● **Provided information**
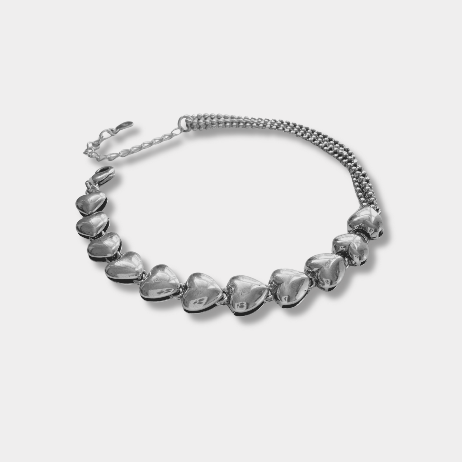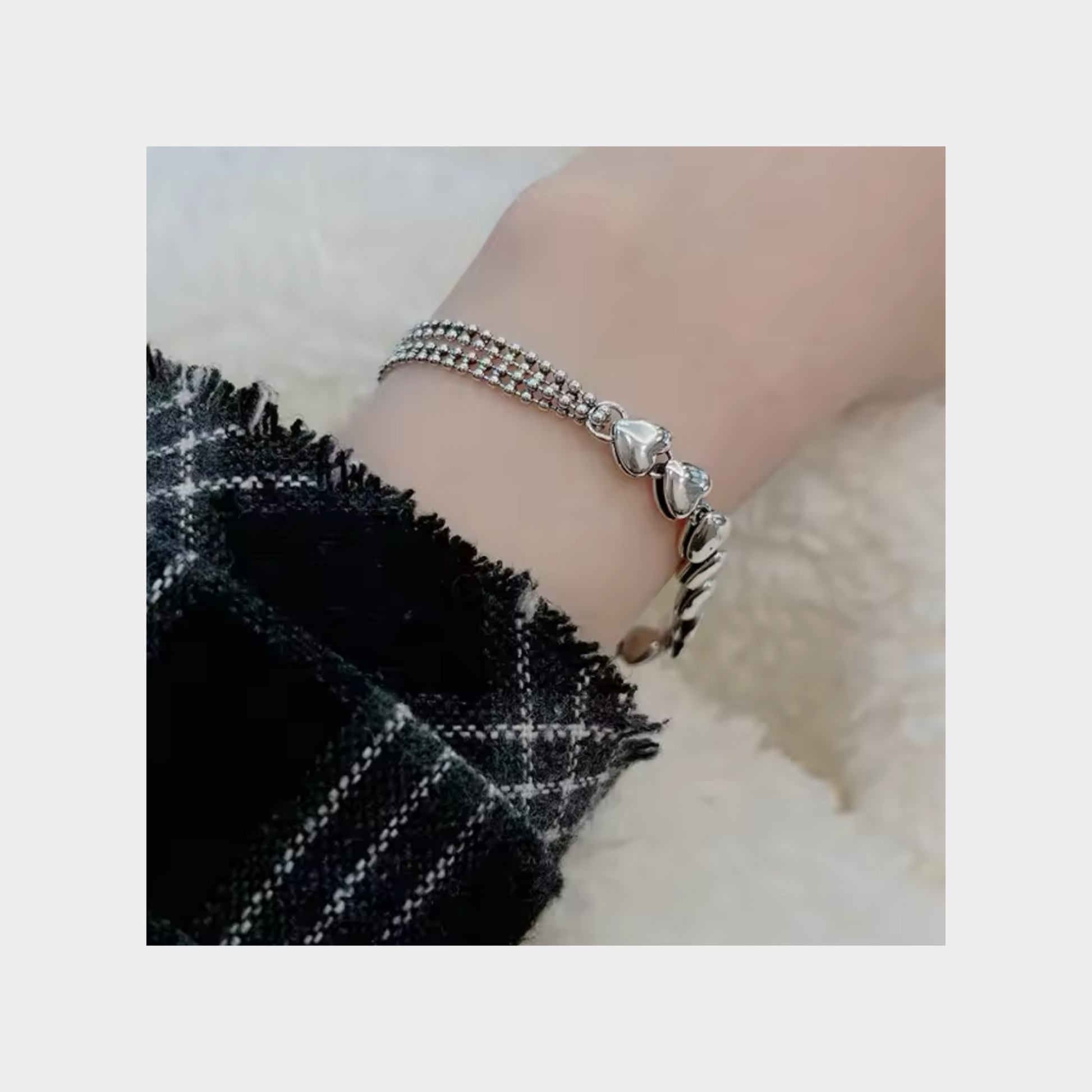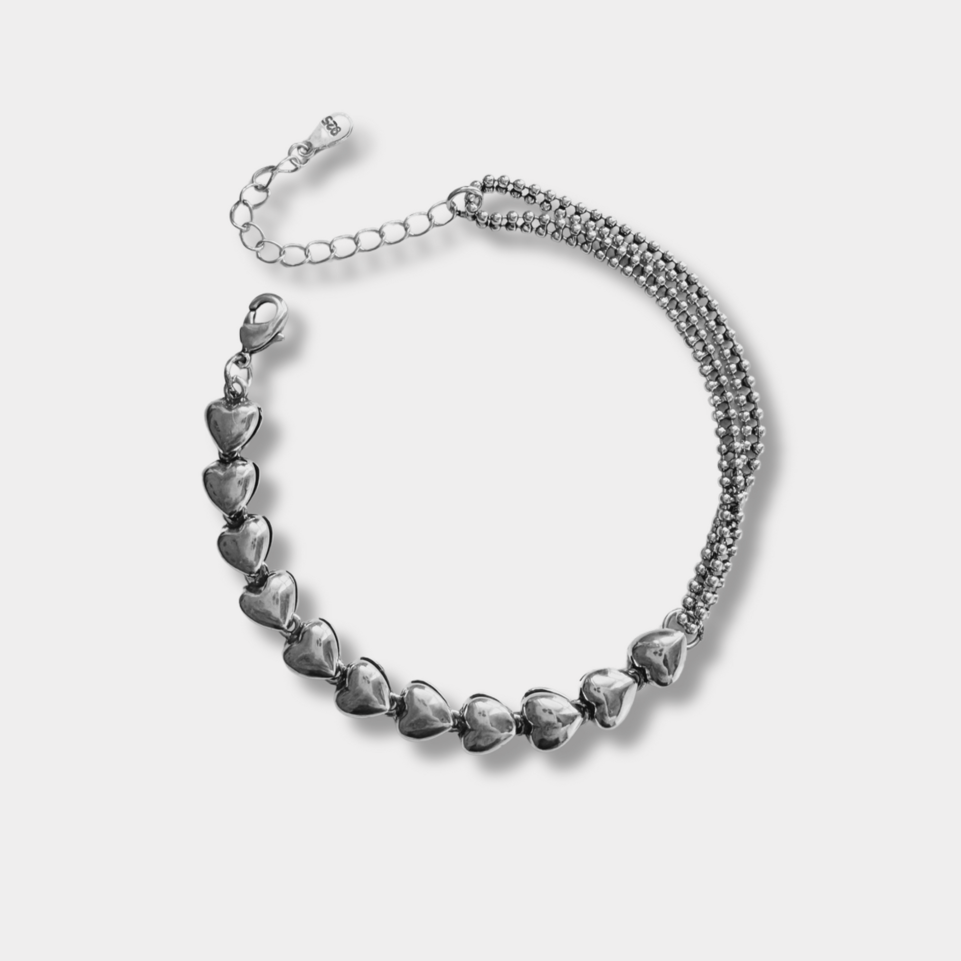 Crafted from beautiful sterling silver, our multi-heart mismatch bracelet is a stylish and versatile piece that can be worn for any occasion. The multi-heart design adds a touch of elegance, making it the perfect gift for yourself or a loved one. Treat yourself to this fashionable accessory and elevate your style.
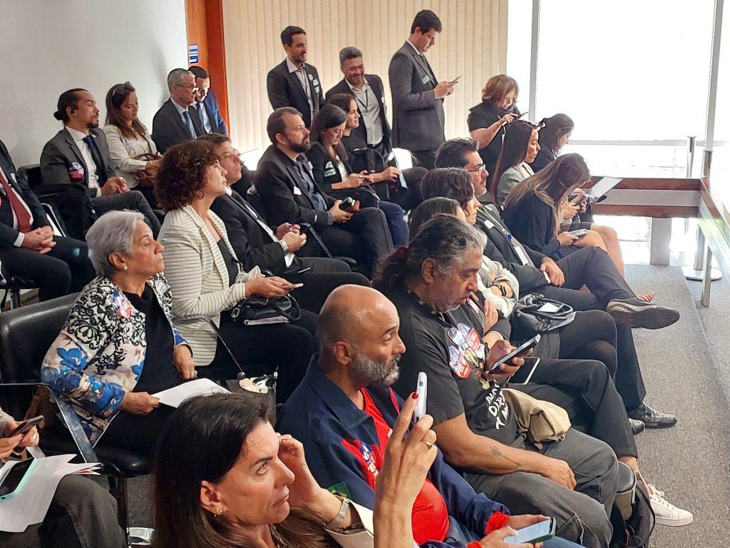 Os sindicalistas também protestaram contra o Projeto de Emenda à Constituição (PEC) 65, que estava sendo debatido em audiência pública na Comissão de Constituição e Justiça (CCJ) do Senado, no mesmo horário. De autoria do senador Vanderlan Cardoso (PSD-GO), o texto concede autonomia financeira e orçamentária à autoridade monetária.
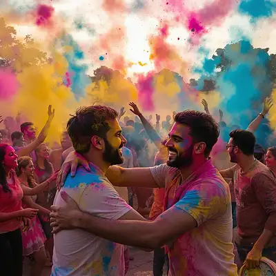 "A vibrant and colorful Holi scene with a joyful Indian festival vibe. A group of young men and women are dancing energetically with bright smiles, faces covered in pink, blue, yellow, and green gulal. A man in the center is holding a large dhol and playing it enthusiastically, while others around him are throwing colored powder into the air. A woman in a white dress stained with bright colors is laughing with her hands raised. The background features a street packed with people celebrating, colorful smoke in the air, and sunlight creating a glowing effect. Overlay bold, bright yellow and pink text with a black outline that reads 'πŸ”₯ Holi ka Sabse Bada Dhamal! 🌈' at the top, and smaller white text at the bottom that says 'Bura Na Mano Holi Hai! ' Add festive elements like pichkaris, flower petals, and a subtle image of Radha-Krishna in the background for a spiritual touch. "
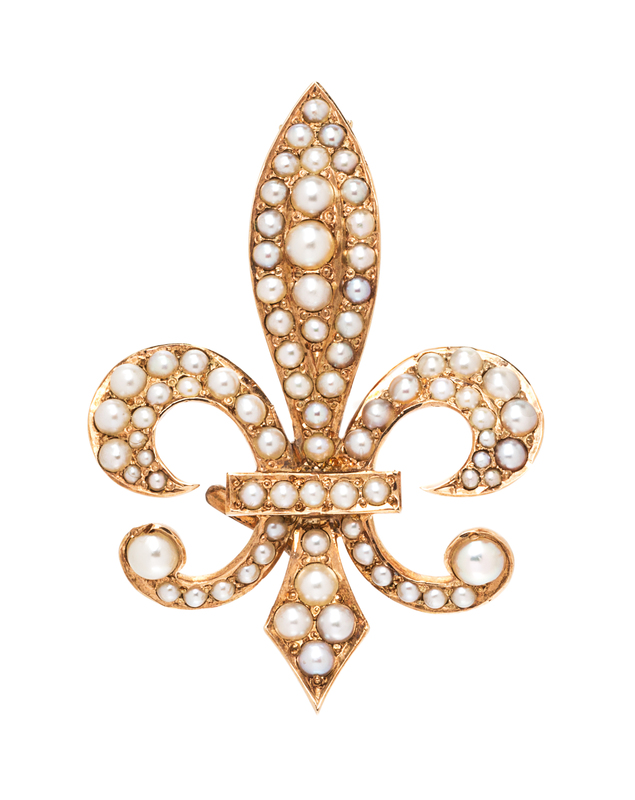 An Antique Rose Gold and Seed Pearl Fleur-de-Lys Pendant/Brooch,
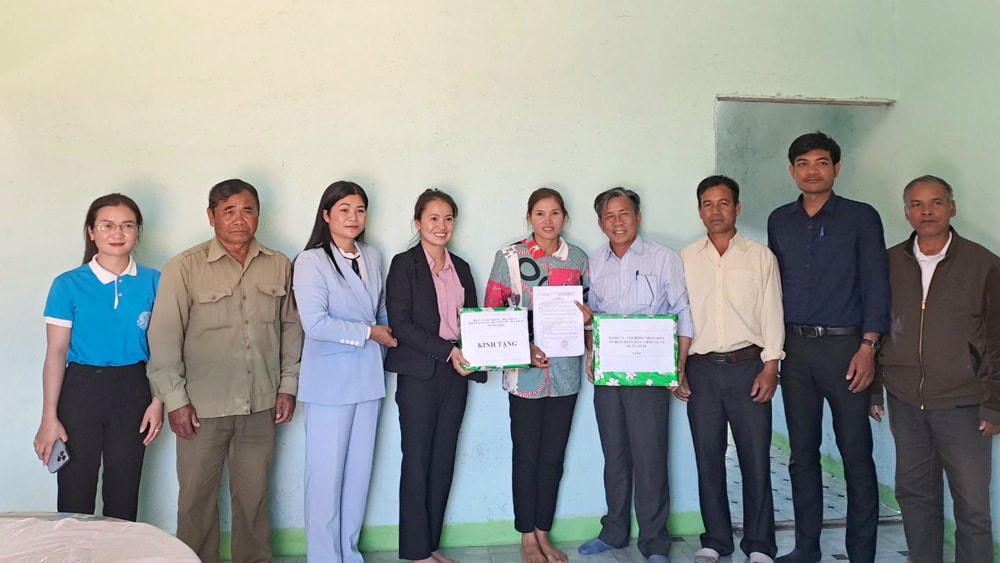 Nhân dịp này, chính quyền, các hội đoàn thể xã Tà Hine củng trao những phần quà nhằm chia sẻ mọi khó khăn với các gia đình khi nhận căn nhà mới.
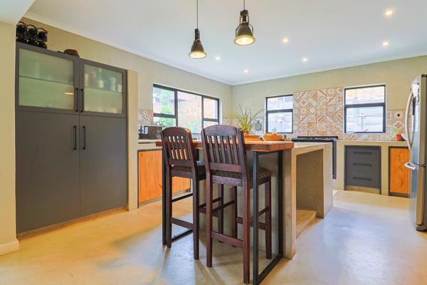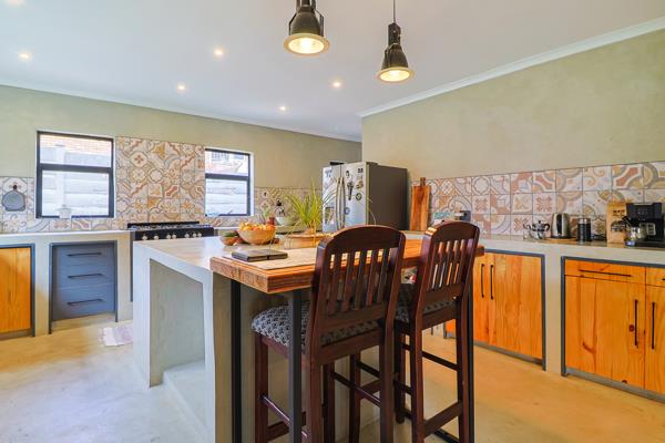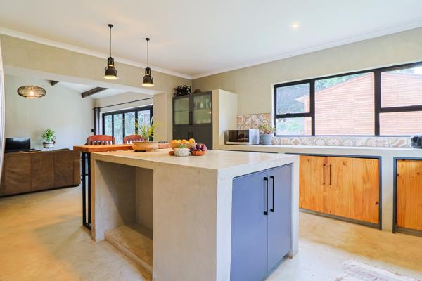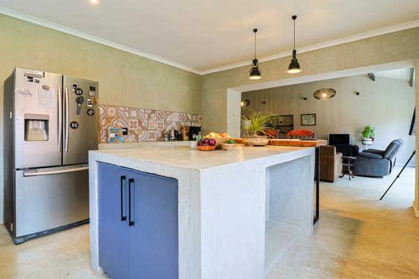 The open-plan kitchen is a chefs dream, featuring ample workspace, a large monolithic island, pantry, and fitted appliances including a gas stove, washing machine, and dishwasher connections. The ultra-modern kitchen flows effortlessly into the spacious family lounge and dining area, creating a welcoming environment for daily living and entertaining.
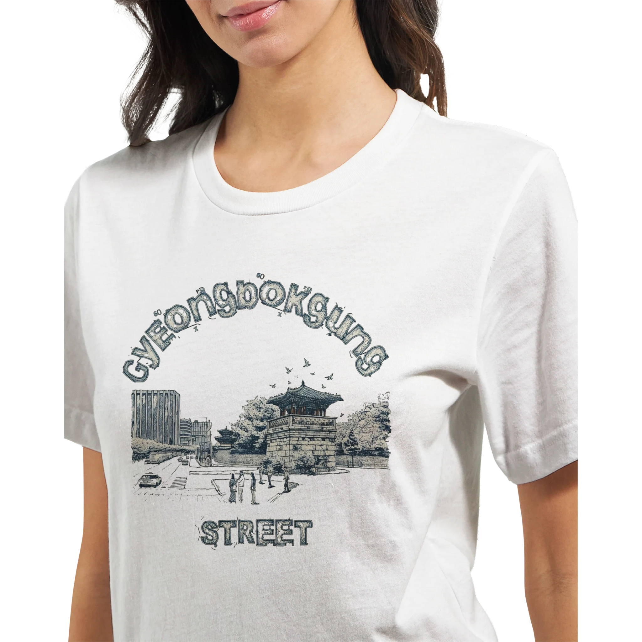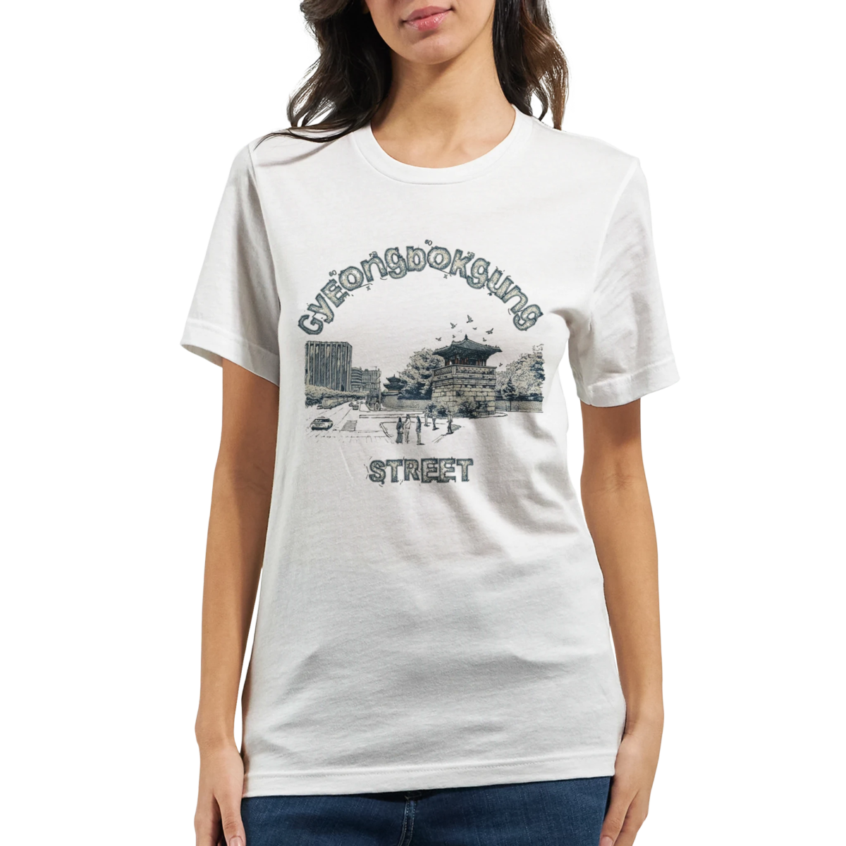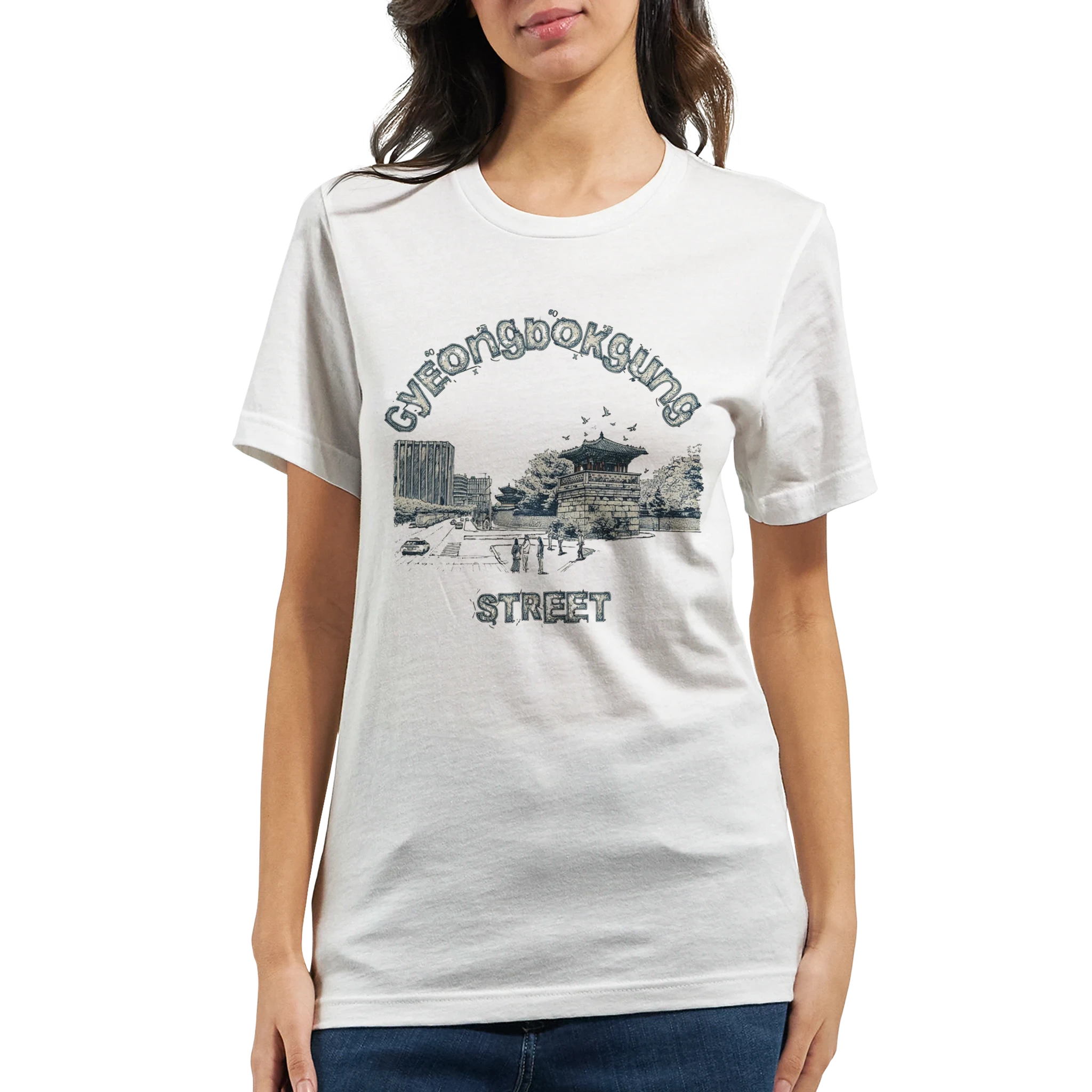 This striking illustration, rendered in a sophisticated sketch style, captures a dynamic street scene centered on a traditional Korean gate or pavilion. Modern city buildings rise in the background, creating a fascinating juxtaposition of eras. The detailed artwork includes subtle elements like cars, people, and birds, bringing the scene to life. The color palette features elegant charcoal grey for the main illustration, accented with touches of light blue and crisp white, giving the design a fresh, contemporary feel. The entire composition is gracefully framed by arched text, with the word “Gyeongbokgung” prominently displayed above “STREET”, indicating the iconic location depicted. This evocative design is expertly placed on the front center chest of the garment.
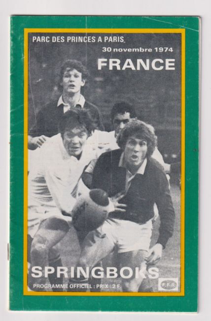 Rugby programme, France v South Africa, 30th November, 1974, 2nd Test programme from game played at Parc des Princes, Paris
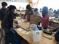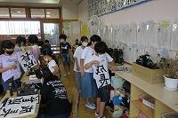 焼きいも班は、いもを針金に取り付けています。

● **What the task requires**
Nothing but the lines from the one with "An Antique Rose" up to and including the one with "Nhân dịp này, chính" should be printed, exactly as they read above. Please keep the pictures out.

● **Response for this exercise**
 An Antique Rose Gold and Seed Pearl Fleur-de-Lys Pendant/Brooch,
 Nhân dịp này, chính quyền, các hội đoàn thể xã Tà Hine củng trao những phần quà nhằm chia sẻ mọi khó khăn với các gia đình khi nhận căn nhà mới.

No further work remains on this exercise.